Cluster C1 groups together census zones in which residential buildings were predominantly built in load-bearing masonry at a time before 1919, but with a non-negligible frequency of buildings constructed later, up until 1960. These residential buildings are, predominantly, at least four floors high. Cluster C2 groups together census zones in which residential buildings were predominantly built in reinforced concrete in the post-war period, between 1945 and 1960, and in a good state of preservation. In this cluster too, residential buildings are predominantly at least four stories high.
Cluster C3 includes census zones in which mainly residential buildings were constructed in load-bearing masonry before 1919. Most of them are in a poor state of preservation.
The thematic map in Figure 6 shows the partitioning of the census zones of Bari into the three clusters. Non-residential census zones are highlighted in grey.
In summary, Naples appears to be made up of three types of urban zones: those, displayed in red on the thematic map, with residential buildings predominantly made of load-bearing masonry and constructed before the beginning of the last century, which characterize the historic center of the city; they are, with high frequency, in poor state of conservation; those, displayed in green on the map, with later urbanization, with buildings constructed predominantly in reinforced concrete; and those, displayed in orange on the map, with buildings built predominantly in load-bearing masonry, but with subsequent constructions, probably in reinforced concrete, carried out up until 1960.

4.4. Comparison Results

The experimental comparison focuses on EWFCM, which is a representative state-of-the-art extension of FCM that incorporates entropy-regularized feature weighting. Comparative tests performed in [8] have shown that EWFCM consistently outperforms both the classical FCM and weighted FCM (wFCM) on standard benchmark datasets, including those from the UCI repository. Since EWFCM can be regarded as a generalization of these methods, comparing the proposed approach with EWFCM provides a stronger baseline.
These comparative tests have been carried by running WEFCM on all test cases. The stop iteration error ε in WEFCM is fixed to the value 1 × 10−5.
Additionally, for EWFCM, 20 independent runs of each algorithm with different random initializations for each test case. The results are reported in terms of average.
First, the computational speeds of the two algorithms were measured. In Table 7 are shown the number of iterations and the CPU times obtained by running WEFCM and GWEFCM in the 16 test cases.
In all cases, GWEFCM reaches convergence in an average number of iterations equal to half the number of iterations of WEFCM, with CPU times on average equal to one third of those obtained by running WEFCM. These results highlight that GWEFCM is much more efficient than WEFCM in terms of execution times. This greater efficiency is since, unlike WEFCM, in which the feature weights vary within each cluster, in GWEFCM the feature weights do not vary across clusters; they are calculated as the product of the weight of the group to which they belong and the weight of the feature within the group.
To assess the statistical significance of the differences between GEWFCM and EWFCM, a Wilcoxon signed-rank test [22] was performed on the number of iterations and CPU execution times reported in Table 6. In the test the null hypothesis H0 is that GEWFCM and EWFCM have the same performance. A significance level α = 0.05 is set. The results of this test are shown in Table 8.
Therefore, the null hypothesis of equal performance between the two algorithms is rejected, indicating that the observed improvements are statistically significant and not due to random variability. This indicates that the observed improvements of GEWFCM in terms of number of iterations and CPU time are not due to random variability but reflect a systematic advantage of the proposed method.
Further comparative tests were performed to measure the similarity between the results obtained with the two algorithms.
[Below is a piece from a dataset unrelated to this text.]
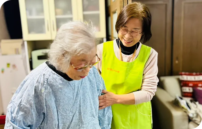 在宅でケアを必要としている高齢者のお宅に訪問し、身体介護や生活支援を通して“えがお”を届けています。
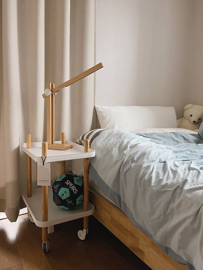 축구, 농구를 좋아해서 아이 주변에 늘 공이 있어요. 침대에 누워서도 공 놀이, 일어나서도 공 놀이~ 굴러다니는 공은 찾기 편하게 트롤리 아래 쪽에 넣어놨어요. 빛 조절이 가능한 램프를 두어 자기 전에 은은한 불빛으로 책도 보고 장난감을 가지고 놀기도 해요.

To measure this similarity, the Adjusted Rand Index (ARI) [23,24] was used; this index allows comparing the similarity between partitions obtained by two clustering algorithms. In Table 9 the values of the ARI metrics obtained in each test case are shown.
The ARI values range between 0.861 and 0.917, with a mean of 0.896 and a standard deviation of 0.017. Given that ARI values lie in the interval [0, 1], these results demonstrate a strong agreement between the partitions produced by WEFCM and GWEFCM, confirming that the proposed method preserves the clustering structure of the baseline approach.
In summary, GWEFCM is comparable to WEFCM in terms of the quality of the clustering results, but it is computationally much faster.
Furthermore, it allows for assigning greater semantic meaning to clusters, highlighting how significant a feature is within a cluster compared to the group to which it belongs.

5. Conclusions

This study examined the most significant and representative feature-weighted fuzzy clustering algorithms. In most practical clustering tasks, attributes representing data characteristics have varying degrees of importance in forming the clustering structure.
This work presents a new entropy-weighted fuzzy clustering algorithm based on a two-level weight hierarchy: a global level that refers to groups of features and a global level that determines the weight of features within a group.
This mechanism, on the one hand, provides greater semantic interpretability of the clusters, and on the other, guarantees high computational speed, due to the independence of the weights from the clusters.
Experimental tests conducted on residential building census datasets from 16 Italian cities have shown that GEWFCM increases the semantic interpretability of the clusters. Furthermore, in all test cases, the results are highly similar to EWFCM, despite significantly lower processing times.
Further testing will be necessary to demonstrate the effectiveness of the proposed two-level hierarchy in optimally capturing the intrinsic structure of the data and providing better semantic interpretability of the clusters. To conclude, the authors intend to conduct future research to test GEWFCM on high-dimensional datasets with different cardinalities and data structures.

Author Contributions

Conceptualization, R.C., B.C., and F.D.M.; methodology, R.C., B.C., and F.D.M.; software, R.C., B.C., and F.D.M.; validation, R.C., B.C., and F.D.M.; formal analysis, R.C., B.C., and F.D.M.; investigation, R.C., B.C., and F.D.M.; resources, R.C., B.C., and F.D.M.; data curation, R.C., B.C., and F.D.M.; writing—original draft preparation, R.C., B.C., and F.D.M.; writing—review and editing, R.C., B.C., and F.D.M.; visualization, R.C., B.C., and F.D.M.; supervision, R.C., B.C., and F.D.M. All authors have read and agreed to the published version of the manuscript.

Funding

This research received no external funding.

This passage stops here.